CONICET | Buscador de Institutos y Recursos Humanos

The intermetallic B2- FeTi is known as one of the promising material for reversible hydrogen storage.The capacity of TiFe for hydrogen storage is about 37%. FeTi has to store and release hydrogen at the atmospheric pressure and room temperature in comparison with other perspective hydrogen storage materials. However, this alloy requires an initial activation treatment. During activation treatment the surface is covered by an oxide layer, which hinders hydrogen absorption. The formation of surface oxide layer can be prevented by the usage of a thin layer of Pt as a cover. It is assumed that Pt coating or alloying will be beneficial for hydrogen uptake because Pt is an active material for hydrogen adsorption. We have modeled this intemetallic and computed the electronic structure in Pt-covered TiFe (0 0 1), (110) and (111) surfaces using the VASP code with GGA approximation for the exchange-correlation potential.

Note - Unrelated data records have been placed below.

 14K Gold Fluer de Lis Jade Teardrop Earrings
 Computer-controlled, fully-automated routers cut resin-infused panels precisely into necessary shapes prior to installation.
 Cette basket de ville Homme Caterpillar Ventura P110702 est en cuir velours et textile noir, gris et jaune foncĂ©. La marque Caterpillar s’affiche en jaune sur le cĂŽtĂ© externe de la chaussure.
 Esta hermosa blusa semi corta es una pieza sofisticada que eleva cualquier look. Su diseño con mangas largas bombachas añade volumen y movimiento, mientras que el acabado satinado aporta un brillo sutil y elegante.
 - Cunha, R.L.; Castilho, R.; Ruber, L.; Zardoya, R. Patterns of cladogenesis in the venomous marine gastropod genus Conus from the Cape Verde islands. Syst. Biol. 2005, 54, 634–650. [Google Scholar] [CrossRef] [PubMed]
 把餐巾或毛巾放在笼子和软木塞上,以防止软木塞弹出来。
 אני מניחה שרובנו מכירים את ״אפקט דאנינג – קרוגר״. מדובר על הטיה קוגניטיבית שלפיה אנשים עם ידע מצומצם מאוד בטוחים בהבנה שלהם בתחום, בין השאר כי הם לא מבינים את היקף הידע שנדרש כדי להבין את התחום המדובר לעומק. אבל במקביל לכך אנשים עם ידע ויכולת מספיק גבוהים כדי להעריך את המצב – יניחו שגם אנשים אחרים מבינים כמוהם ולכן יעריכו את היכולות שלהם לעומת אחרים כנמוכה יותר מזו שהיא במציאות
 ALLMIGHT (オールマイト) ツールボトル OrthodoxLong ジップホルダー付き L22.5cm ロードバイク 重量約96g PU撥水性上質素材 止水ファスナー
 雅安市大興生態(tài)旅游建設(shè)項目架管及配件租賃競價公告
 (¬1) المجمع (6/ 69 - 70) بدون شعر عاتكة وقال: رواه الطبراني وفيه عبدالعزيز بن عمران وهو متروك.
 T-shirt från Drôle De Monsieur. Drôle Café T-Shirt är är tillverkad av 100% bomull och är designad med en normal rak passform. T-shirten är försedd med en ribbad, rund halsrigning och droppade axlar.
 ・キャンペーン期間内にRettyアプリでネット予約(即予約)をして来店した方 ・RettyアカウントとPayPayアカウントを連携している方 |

The electronic structure changes introduced by Pt and hydrogen in the surface layers of B2-TiFe are analyzed. We establish that the adsorption properties of clean B2-FeTi surfaces is better when hydrogen can interact with both Fe and Ti atoms. This trend remains valid for Pt-covered FeTi and H adsorption is easier for Pt/FeTi system. The Fe states are shifted towards the Fermi level, which leads to its highly reactivity in comparison with clean B2-TiFe. In the hollow position the H 1s energy level appears in the energy range much closer to the Fe valence band than that of Ti. The position of H level depends strongly on the adsorbate sites. In the case of Ti-top position. The noticeable changes in electronic structure observed in the hydrogen-containing surfaces are connected primarily with formation of strongly hybridized H s-states with metal d-bonding states.